§ TASK OBJECTIVE:
Below, find the line containing "一系列4个水彩风格插画,每个"; from there to the final line, print every line exactly and skip the pictures.

§ STORED DATA:

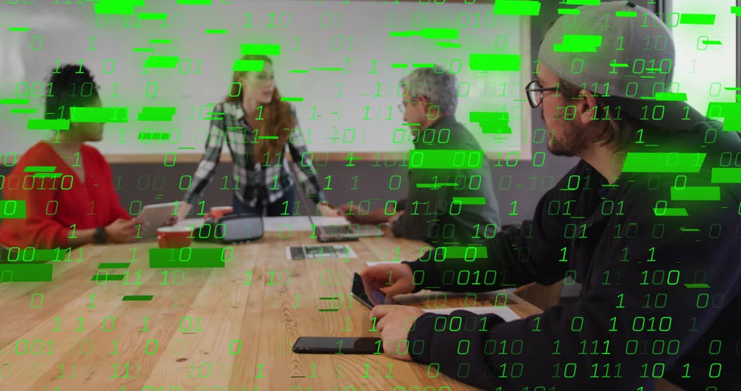 Scene depicts business professionals engaging in important technology-focused meeting. Cascading digital data in background symbolizes interruption by cybersecurity alert or digital transformation challenge. Valuable for use in materials related to cyber security training, teamwork dynamics, technology integration, or promotion of innovative collaborations within professional settings.
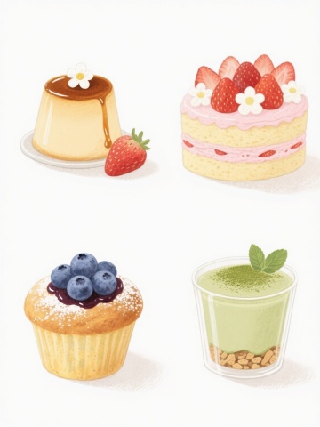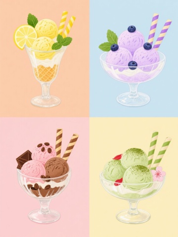 一系列4个水彩风格插画,每个插画中都有一个不同的可爱小动物(第一幅是兔子,第二幅是小熊,第三幅是小猫,第四幅是小狗),它们都趴在一个装满不同甜点和水果的玻璃甜品杯上,每个小动物都有腮红和微笑的表情,背景为纯色(每个插画背景颜色不同,分别为浅粉色、浅蓝色、浅绿色、浅黄色),整体色彩柔和,线条细腻,画面温馨可爱,4个插画规整地排列在一起形成一个集合。
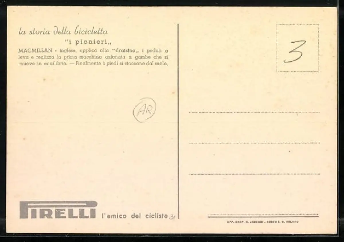 AK Reklame Pirelli, la storia della bicicletta, i pionieri, Macmillan, Radfahrer 1838, Mann mit Zylinder

§ TASK RESPONSE:
 一系列4个水彩风格插画,每个插画中都有一个不同的可爱小动物(第一幅是兔子,第二幅是小熊,第三幅是小猫,第四幅是小狗),它们都趴在一个装满不同甜点和水果的玻璃甜品杯上,每个小动物都有腮红和微笑的表情,背景为纯色(每个插画背景颜色不同,分别为浅粉色、浅蓝色、浅绿色、浅黄色),整体色彩柔和,线条细腻,画面温馨可爱,4个插画规整地排列在一起形成一个集合。
 AK Reklame Pirelli, la storia della bicicletta, i pionieri, Macmillan, Radfahrer 1838, Mann mit Zylinder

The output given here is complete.